05 July 2010

The Miraculous Journey of Edward Tulane

The Miraculous Journey of Edward Tulane
Kate DiCamillo

I know, I know, lots of postings about children's books.  I promise, by weeks end, there will be postings about adult books (I'm almost done with a great one...).  This book was recommended to me by my dear friend the Rybrarian (Ryan Whitenack.  He's a genius, and I'm not just saying that so he'll continue to help me out on my grad school work.  The man makes me belly laugh constantly).  Although we did not have the same reaction to the book, I did thoroughly enjoy the book.  For one, the illustrations are fantastic, and I plan to look for other books illustrated by Bagram Ibatoulline.  Secondly, it is a great story about the trappings of vanity and the true meaning of love.

I will admit, I did not have a favorite doll growing up.  Yes, I had a few dolls that I really enjoyed, like Sally and my Ewok Wicket, but my heart always belonged to Woobie...my beloved baby blanket.  Truth be told, the original Woobie went to blankie heaven many many years ago.  And the day my mom told me we'd have to put Woobie down, I cried like I'd never cried before.  And in an act of unprecedented heroism, my older brother offered his Woobie in replacement.  I can honestly say that Woobie 2 has been my constant comfort for almost 30 years.  Yep, he still is the first thing I look for when I go to bed at night and the first thing I fold every morning when I wake up.

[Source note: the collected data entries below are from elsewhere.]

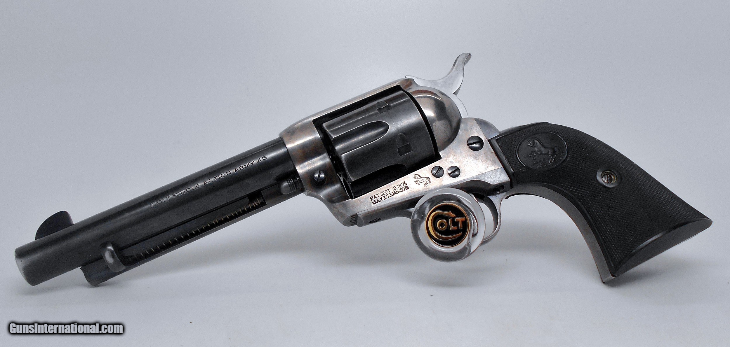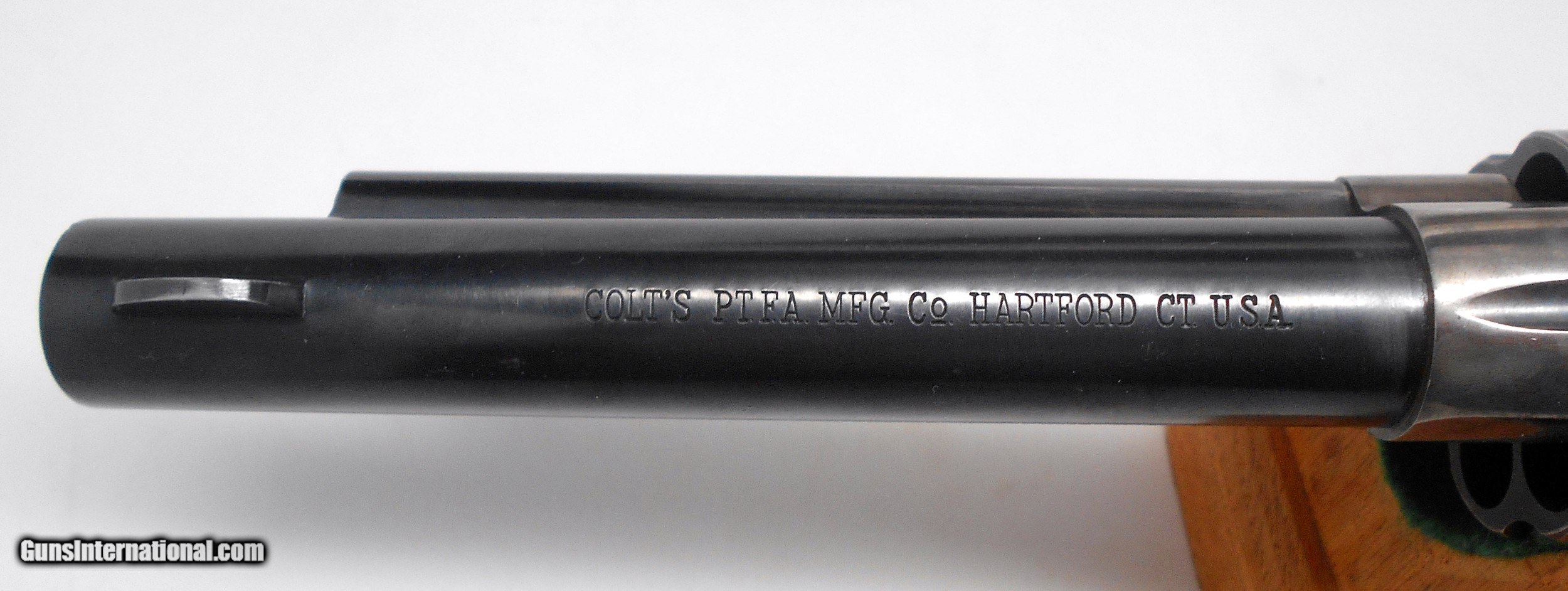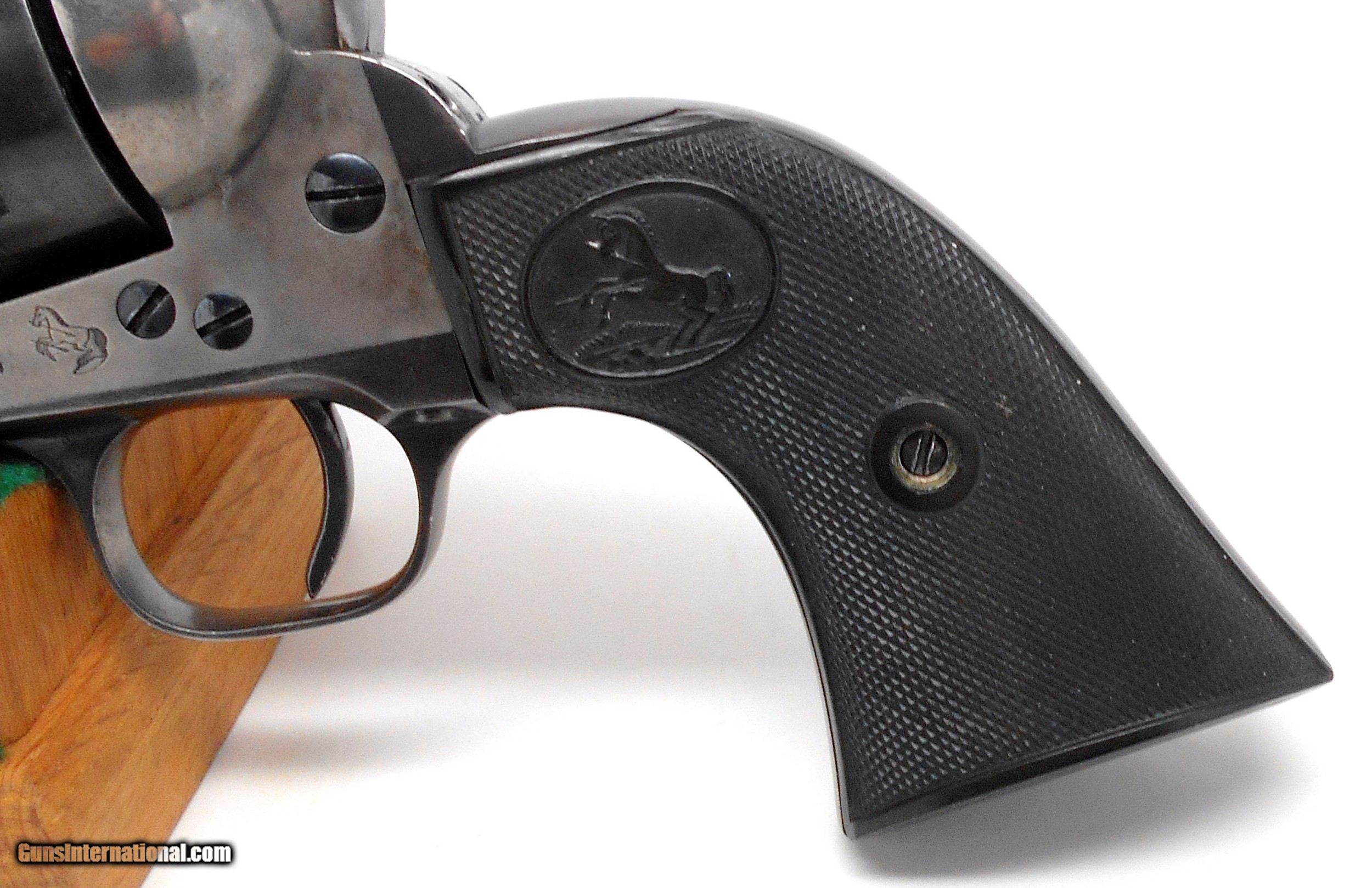 Description: SOLD Bore in the 5 1/2" barrel is like new. Shows excellent care. Action is smooth and tight. Lock-up is tight also. Markings are clear and original. Manufacture date is 1921. Numbers do match. Forgot to picture the assembly numbers. They also match. The grips are in nice condition, but do not match. The hammer is an earlier type. You will find a lot of the original blue on the barrel and the cylinder. Notice how much case color is still present. I have taken a lot of pictures which clearly and fairly show the condition of this Colt .45 caliber Single Action Revolver. American Arms & Antiques item #2454 SOLD Curio/Relic: Yes |
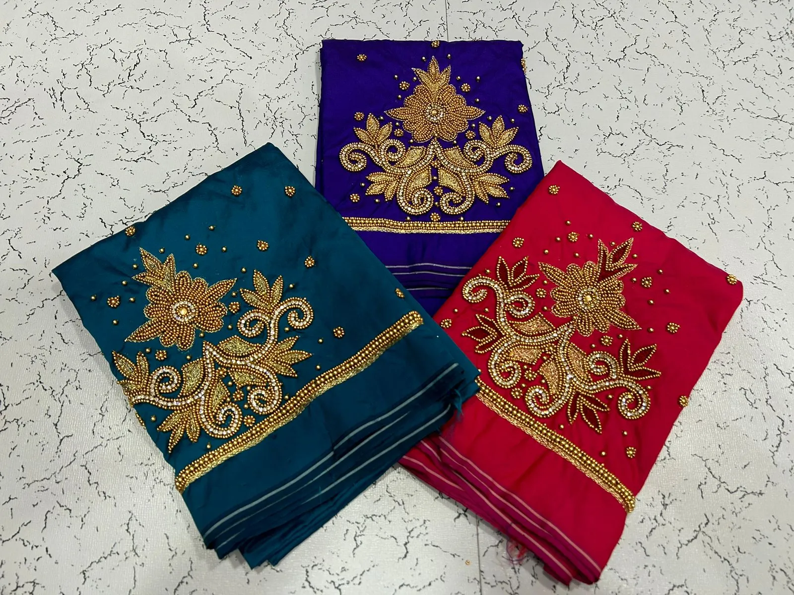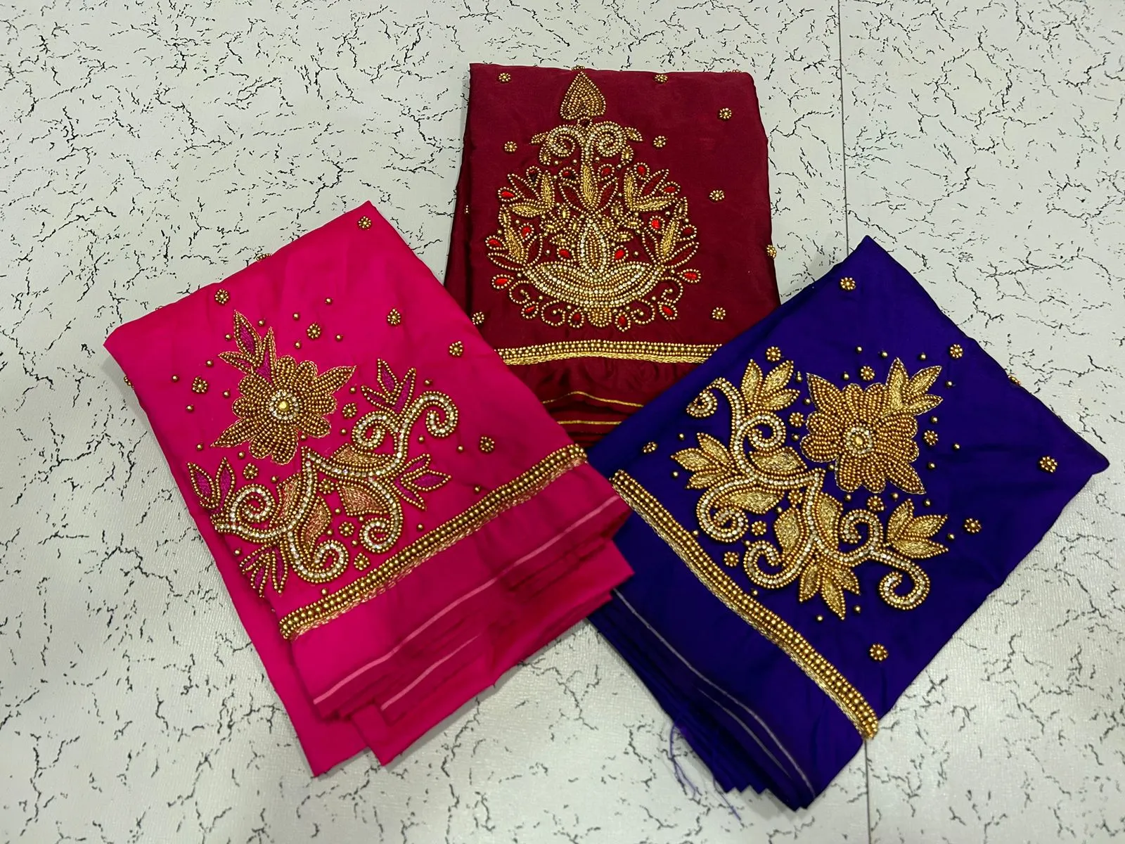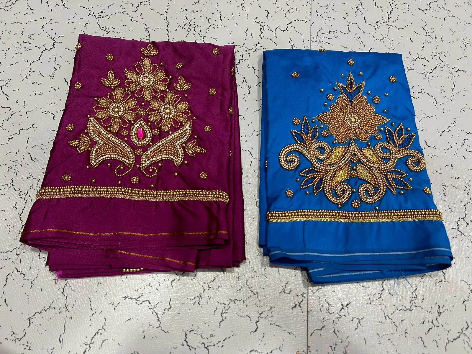 A: The blouse features high-quality fabric that is soft and durable. It ensures comfort while maintaining its vibrant colors and intricate Aariwork design.
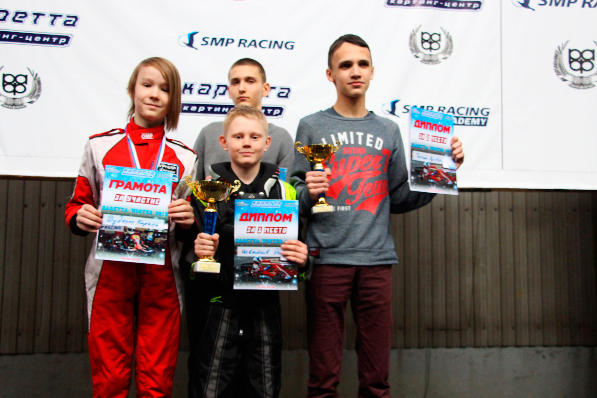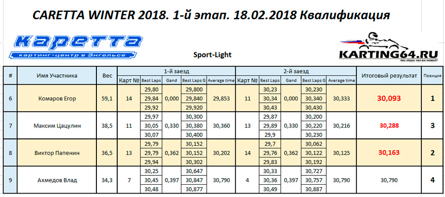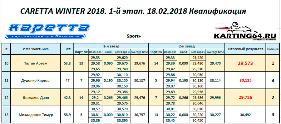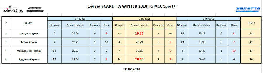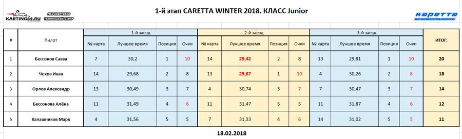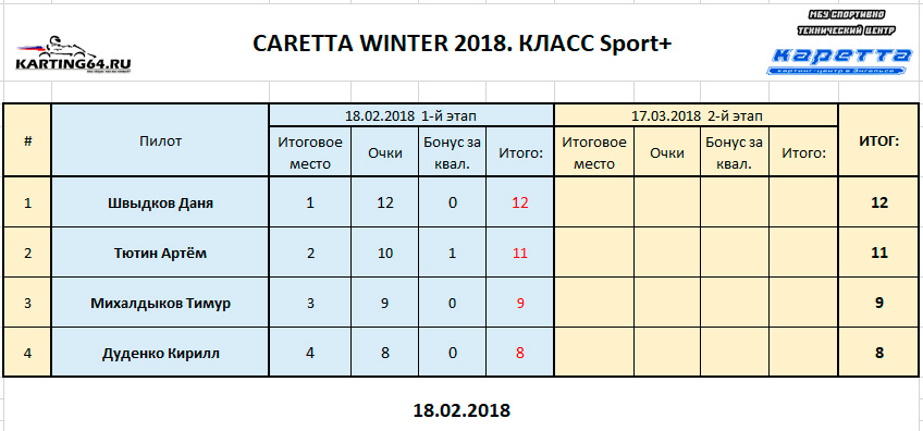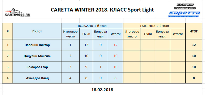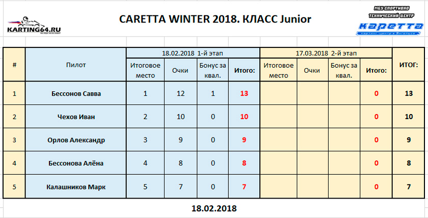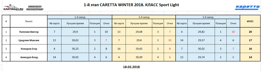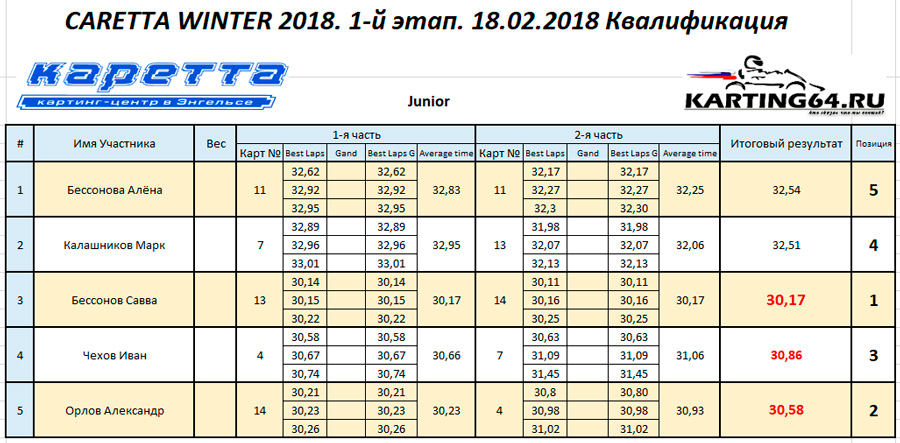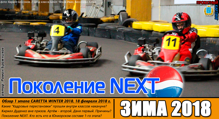 ![]() ![]() - Регламент чемпионата"CARETTA WINTER 2018" - Фотоотчёт 1-й этап "CARETTA WINTER 2018" - Видео с камер пилотов на нашем канале Youtube 18 Февраля 2018 года в Энгельсском картинг-центре Каретта состоялся 1-й этап Зимнего традиционного детского чемпионата по картингу “Caretta Winter”. “Caretta Winter 2018” стал пятым по счету зимним детским Кареттовским чемпионатом. На этот раз чемпионат взял свой старт довольно поздно – только в феврале месяце, однако окончание сезона 2017 никак нельзя назвать пустым. Два подряд соревнования в формате Time Attack захватили как прошлую конфигурацию – так и абсолютно новую, появившуюся практически под самый новый год. Декабрьское одиночное соревнование, также носившее название Caretta Winter 2018 (не путать с нынешним чемпионатом), и вовсе стало первым в истории, для Энгельсского картинг-центра, Межрегиональным соревнованием! В декабре 2017 года Энгельс встречал гостей из Волгограда – семейный подряд Орыщенко, а также из Ульяновска – Башмакова Яна, Аксёнов Артём и Аксёнов Андрей. По оценкам многих присутствующих тогда зрителей, болельщиков и гостей – этап удался на славу! Это было прекрасное окончание достойного сезона 2017. Сезон 2018 начался немного скомкано, и виной тому стала внезапно вышедшая из строя телеметрия на трассе. Общими усилиями решить эту проблему удалось лишь к началу февраля. Однако начало первого детского первого чемпионата в сезоне 2018 вновь пришлось немного сместить. Дело в том – что еще с ноября месяца Кареттовская школа картинга выставила 2 команды, состоящие из лучших старших ребят и тренера – и один из этапов как раз пришелся на 11 февраля. Итог – старт первого соревнования в сезоне 2018 был запланирован на 18 февраля. По количеству участников этап получился не рекордным. Не смогли посетить этап приглашенные гости из Волгограда, Ульяновска, Самары, Пензы. Подавляющая часть гостей пропустила этап по причине болезни пилотов, и практически все в один голос заверяют что обязательно приедут в гости на 2-й этап в марте. Местные пилоты также не в полном составе вышли на старт соревнований. Однозначно можно сказать одно – младший состав юных гонщиков постепенно занимает прочные позиции во всех классах, и сильно подтягивается как по уровню пилотажа, так и по уровню борьбы на трассе. ![]() Класс Junior на этот раз стал самым многочисленным по количеству заявленных юных пилотов и пилотесс. Состав: Бессоновы Савва и Алёна, Чехов Иван, Орлов Александр и Калашников Марк. Сложнее всего в этом классе пришлось Алёне и Марку – всё же возраст дает о себе знать. Однако не всё так однозначно было по ходу финальных заездов, как могло бы казаться при подготовке к соревнованиям. Алёна на этот раз действительно старалась изо всех сил, что было видно как по её борьбе на трассе, так и по её состоянию после заезда. Больше всего к Алёниному состоянию приходилось выражение “выжатый лимон”, а мы все хорошо знаем – чтобы достичь такого состояния надо действительно выкладывается по полной программе по ходу всего заезда. Так что, несмотря на то – что на подиум попасть в этот раз не получилось – главную для себя цель юная Покровчанка выполнила на все 100 процентов! Калашников Марк – самый юный участник соревнований. Накануне соревнований Марк впервые пересел с детской машины на взрослую, и уже после первых проведённых тестовых заездов стало понятно – за руль мален
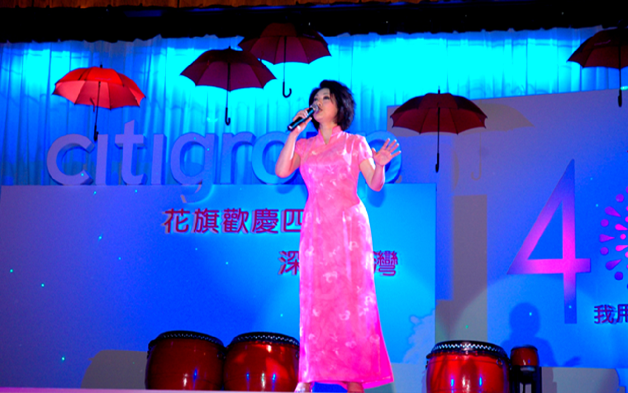 在舞台區部份,選擇具有歷史意義的圓山大飯店,節目邀請知性感性兼具的蔡康永為主持人,內容有蔡琴演唱40年來代表歌曲,及孔雀舞、舞龍舞獅等表演,現場提供的伴手禮則為壽桃禮盒,完全展現花旗銀行在地化的企圖與成果。
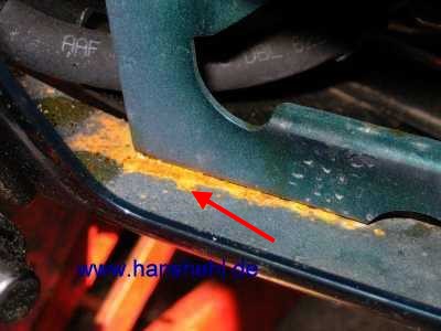 | Der braune Belag im ersten Bild (roter Pfeil) ist übrigens der Rost der Bohrspäne, die nach dem Bohren der Befestigungslöcher für den Frontbügel (siehe oben, Firmeneinbau!) nicht entfernt wurden. | ![]() |
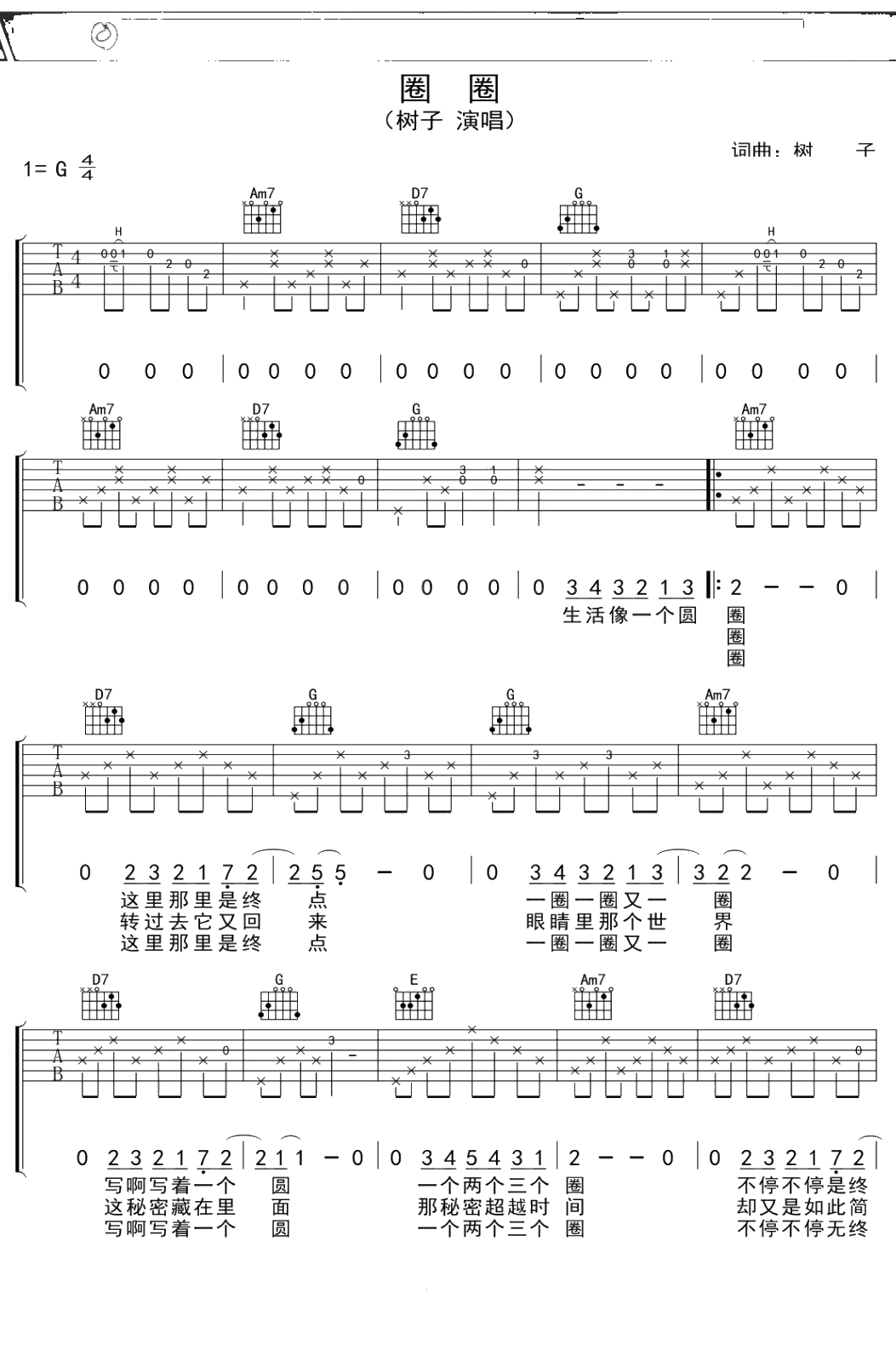 树子《圈圈》吉他谱 G调弹唱六线谱吉他谱
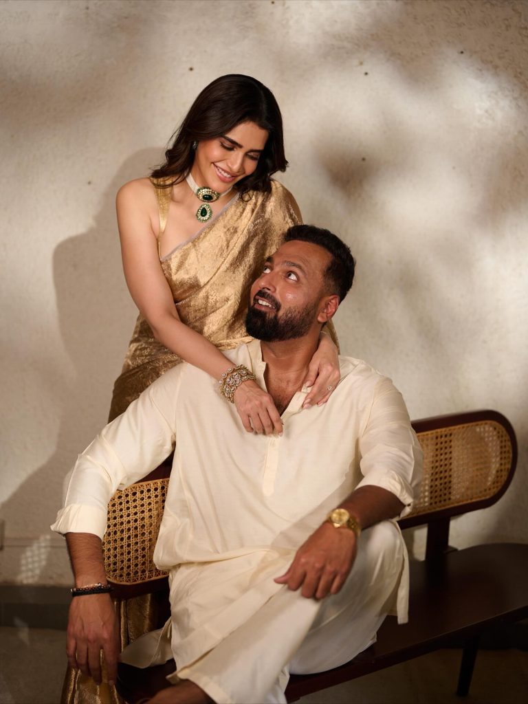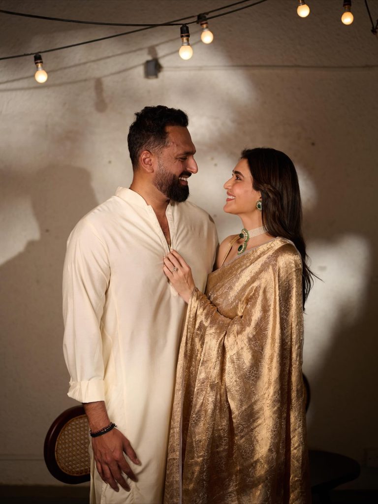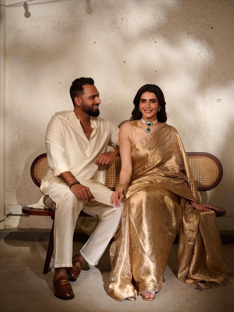 Celebrity News : Karishma Tanna and Varun Bangera’s latest look is sure to leave everyone stunned. Their dazzling presence has left an impression that feels brighter and more vibrant than sparklers! Their photos and videos are going viral on social media, and fans are praising their style.

Reading the Miraculous Journey of Edward Tulane makes me wonder what my Woobie thinks of me.  In the beginning of the book, Edward is far more concerned with himself than he is the undying love that Abeline gives him.  When he's lost at sea, his true adventures begin, and he learns that love is the most important thing.  Lucky for me, I've never lost Woobie at sea, but I have forgotten him in many a hotel room, and thus, he is now too old to travel.

I think one of the reasons I enjoyed this book is because, as an adult, we look at the things our children (or in my case, my nieces and nephews) cling to and wonder why on earth they get so attached.  But through this story, we realize that there is so much love in the world, and sometimes people, especially children, just don't have the outlets they need to give the love they have.  So they choose china rabbits, or even raggedy old blankets.  And it is through those seemingly inanimate objects that our children learn to love and care for something outside of themselves.

So I encourage all of you with children to read this book to them, because if nothing else, it will teach them that love is important, regardless of who you give it to.


  1. I got weepy just reading your posting of this book.

  2. Because I still sleep with a blankie, or because I'm so deep and thoughtful?